Application of LY2000 Image Flame Detection System

Introduction The flame detection system is an important part of the furnace safety protection system (FSSS) of thermal power plants. The No. 2 furnace of Zhangjiakou Power Plant (30OMW boiler in Dongbuchang) was installed with the LY2O00-11 image fire detection system of Yantai Longyuan Power Technology Company. The use of optical fiber imaging, combustion theory, pattern recognition and image processing technology, in order to achieve a digital analysis of the pulverized coal burner and oil flame signal, issued a single burner flame signal, and has a combustion guide function, can Efficiently solve the problem of ordinary fire inspections that make it easy to "see" the flame. In addition, the system uses ordinary visible light fire detection for the monitoring of the oil burner, so it will not be repeated here.

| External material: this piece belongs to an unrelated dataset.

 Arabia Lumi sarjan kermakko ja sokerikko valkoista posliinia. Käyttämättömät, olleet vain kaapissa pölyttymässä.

1. Composition and basic functions of LY2O00-II system 1.1 System composition The system is mainly composed of flame image sensor, cooling air system, video signal distributor, flame image detector, flame image monitoring management system, flame image recording and playback system, communication module, etc. Partly composed.

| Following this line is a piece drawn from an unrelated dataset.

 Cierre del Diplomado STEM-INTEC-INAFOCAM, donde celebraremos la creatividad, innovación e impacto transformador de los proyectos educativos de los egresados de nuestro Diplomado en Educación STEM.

(1) Flame image sensor: It is composed of an objective lens, an image fiber, an eyepiece, a color CCD (camera), and a cooling part. No. 2 boiler 6 burners, a total of 24 pulverized coal burners. The system is equipped with a flame image sensor for each pulverized coal burner.

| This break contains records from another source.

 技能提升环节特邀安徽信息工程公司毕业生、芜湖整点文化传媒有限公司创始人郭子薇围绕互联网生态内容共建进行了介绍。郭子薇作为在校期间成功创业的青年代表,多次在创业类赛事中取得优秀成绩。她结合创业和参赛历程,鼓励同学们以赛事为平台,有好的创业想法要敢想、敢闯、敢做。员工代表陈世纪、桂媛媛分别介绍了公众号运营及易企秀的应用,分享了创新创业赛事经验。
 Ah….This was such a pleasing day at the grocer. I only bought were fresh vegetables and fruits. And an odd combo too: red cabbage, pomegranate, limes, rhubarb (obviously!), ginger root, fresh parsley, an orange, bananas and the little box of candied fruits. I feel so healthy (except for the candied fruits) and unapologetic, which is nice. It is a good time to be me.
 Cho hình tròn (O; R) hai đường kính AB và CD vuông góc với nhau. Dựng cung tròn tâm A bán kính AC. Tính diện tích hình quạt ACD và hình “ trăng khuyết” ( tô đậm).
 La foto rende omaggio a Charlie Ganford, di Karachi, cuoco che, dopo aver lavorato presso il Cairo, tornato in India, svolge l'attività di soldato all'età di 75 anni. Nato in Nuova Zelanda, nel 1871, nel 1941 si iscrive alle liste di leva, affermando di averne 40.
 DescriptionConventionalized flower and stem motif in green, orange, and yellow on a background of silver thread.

(2) Cooling air system: It consists of 2 fans, air filter, conversion baffle, differential pressure switch and control cabinet, and provides cooling air to the flame image sensor.

(3) Video distributor: Contains several “one-to-three” unit circuits that send the video signal of each flame image sensor to the monitoring management system, recording and playback system, and layer flame image detector.

(4) Flame image detector: altogether 6 sets, each taking turns to image processing and identification of the corner coal burner flames, and finally emitting a switch signal of the coal combustion flame with no fire and fire, and its judgment parameters can be used. The application software in the workstation is modified and downloaded.

(5) Flame image monitoring and management system: It mainly performs the functions of the single burner flame image and the whole furnace flame image real-time color display, pseudo color display, burner intensity histogram, history curve, status display of each burner, and so on. The entire device is managed. The flame image monitoring and management system is composed of a video signal switcher, a four-screen cutter, a color image capture card, a workstation, a sharer, and a multi-serial communication module. Among them, the main function of the workstation (upper computer) is to achieve combustion of the layers in the boiler. The real-time monitoring of the coal combustion flame, responsible for the control and management of video distributors, four-screen splitters, and layer flame detectors, etc., receive and display the data results for each layer of flame detectors. As the man-machine interaction monitoring terminal directly by the engineering staff responsible for the operation, provided to the on-site operation personnel clear boiler burner state and flame detection information.

(6) Flame image recording and reproducing system: It is composed of a video recorder and a magnetic tape. It receives the dynamic flame image transmitted from the video distributor, and can automatically record the flame image for 24 hours and play it back on demand.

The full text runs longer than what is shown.